YOUR OBJECTIVE
The reply should hold only the lines below beginning at the one with "春物 ピュア 092194752897448" and ending at the one with "走进龙甫乡托喀依村,远远就听", copied exactly, with every picture left out.

Items from a dataset
******

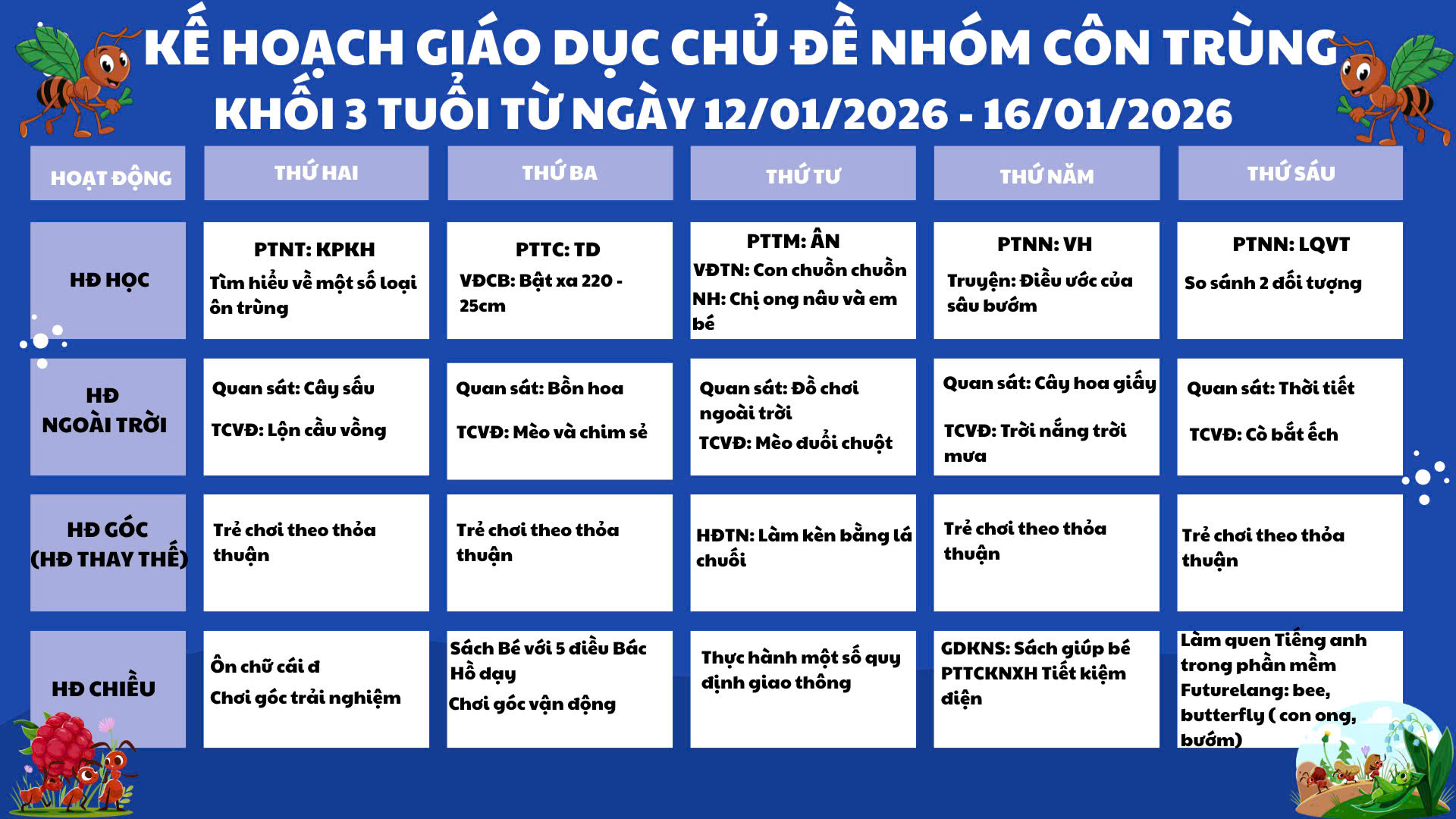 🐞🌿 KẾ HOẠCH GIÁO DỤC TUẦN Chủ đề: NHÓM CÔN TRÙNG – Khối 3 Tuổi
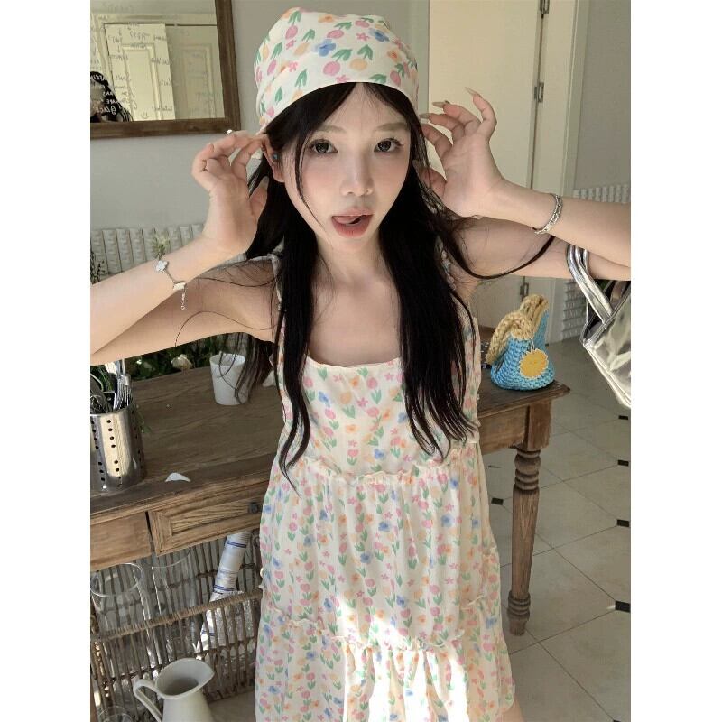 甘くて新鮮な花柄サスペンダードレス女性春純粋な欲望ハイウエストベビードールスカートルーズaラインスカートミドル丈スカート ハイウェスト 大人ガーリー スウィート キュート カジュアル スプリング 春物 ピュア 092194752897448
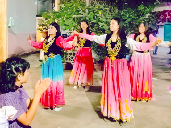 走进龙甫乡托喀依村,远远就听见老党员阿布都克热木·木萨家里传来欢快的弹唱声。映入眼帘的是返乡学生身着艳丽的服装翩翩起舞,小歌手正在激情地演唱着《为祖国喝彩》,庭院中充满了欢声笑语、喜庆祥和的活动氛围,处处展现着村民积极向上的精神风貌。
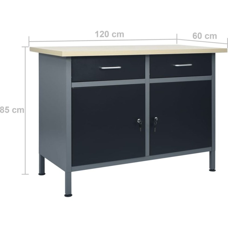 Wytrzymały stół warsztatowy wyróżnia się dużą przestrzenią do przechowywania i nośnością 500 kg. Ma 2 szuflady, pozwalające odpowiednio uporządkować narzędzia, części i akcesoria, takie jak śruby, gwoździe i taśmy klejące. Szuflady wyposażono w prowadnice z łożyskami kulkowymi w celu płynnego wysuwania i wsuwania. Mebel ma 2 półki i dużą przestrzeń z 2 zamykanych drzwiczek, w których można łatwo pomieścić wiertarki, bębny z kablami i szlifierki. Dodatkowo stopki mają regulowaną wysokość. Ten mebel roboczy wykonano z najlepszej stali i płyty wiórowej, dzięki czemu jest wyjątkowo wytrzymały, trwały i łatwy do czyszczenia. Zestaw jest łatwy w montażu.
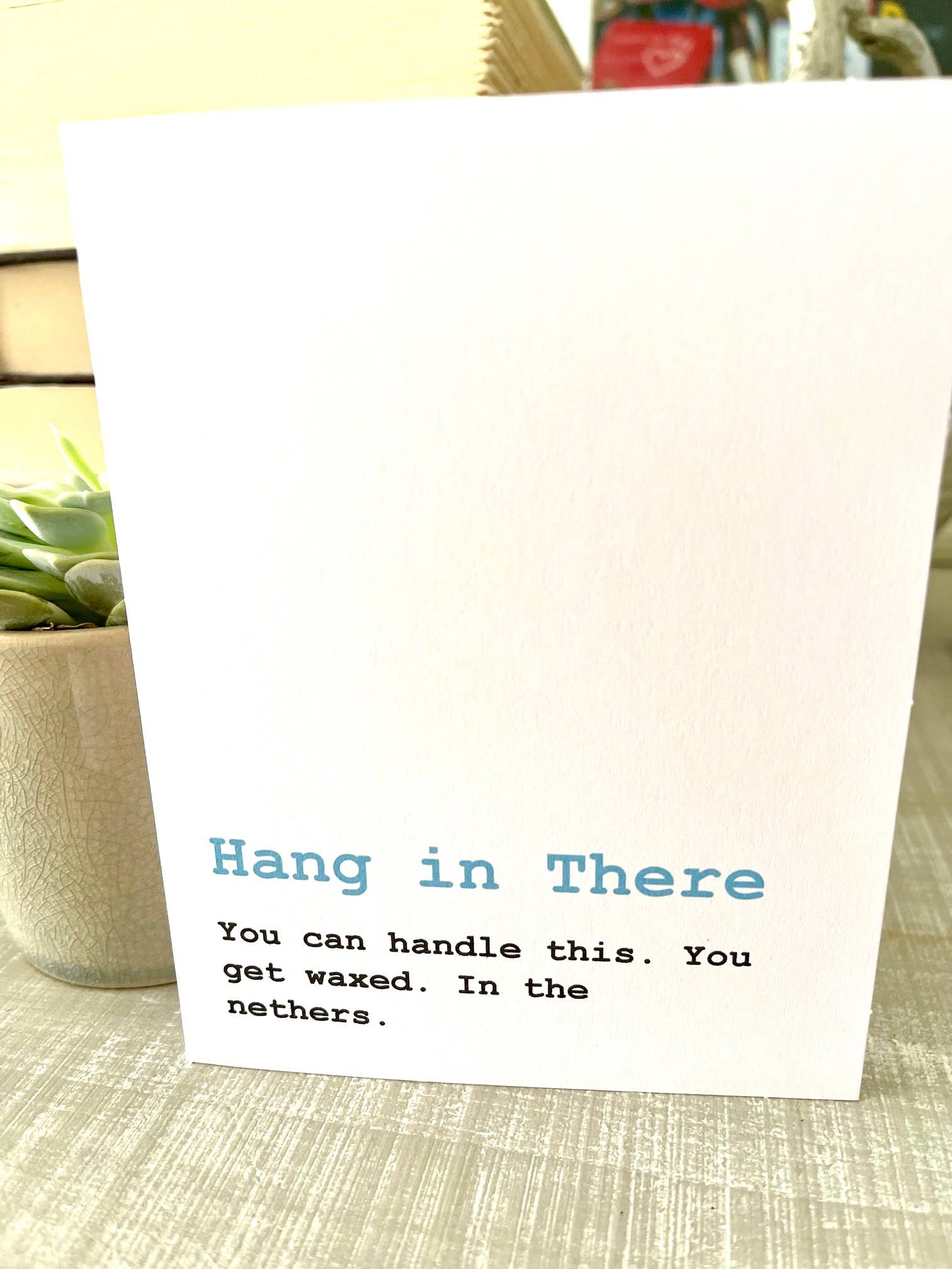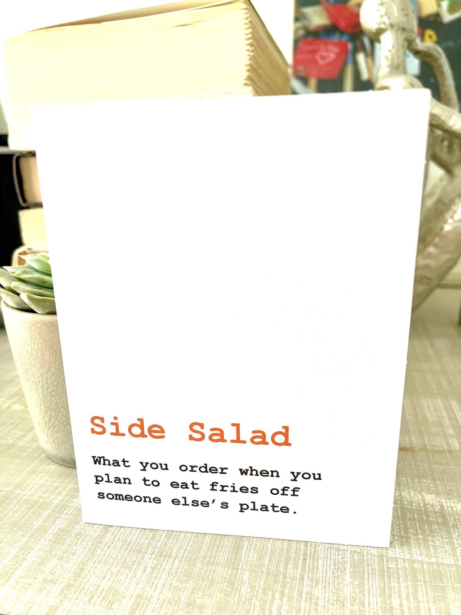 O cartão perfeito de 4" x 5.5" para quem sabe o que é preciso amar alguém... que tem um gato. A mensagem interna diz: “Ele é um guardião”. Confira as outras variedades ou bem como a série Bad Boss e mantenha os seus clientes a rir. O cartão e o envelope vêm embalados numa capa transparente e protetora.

******

EXERCISE RESULT
 甘くて新鮮な花柄サスペンダードレス女性春純粋な欲望ハイウエストベビードールスカートルーズaラインスカートミドル丈スカート ハイウェスト 大人ガーリー スウィート キュート カジュアル スプリング 春物 ピュア 092194752897448
 走进龙甫乡托喀依村,远远就听见老党员阿布都克热木·木萨家里传来欢快的弹唱声。映入眼帘的是返乡学生身着艳丽的服装翩翩起舞,小歌手正在激情地演唱着《为祖国喝彩》,庭院中充满了欢声笑语、喜庆祥和的活动氛围,处处展现着村民积极向上的精神风貌。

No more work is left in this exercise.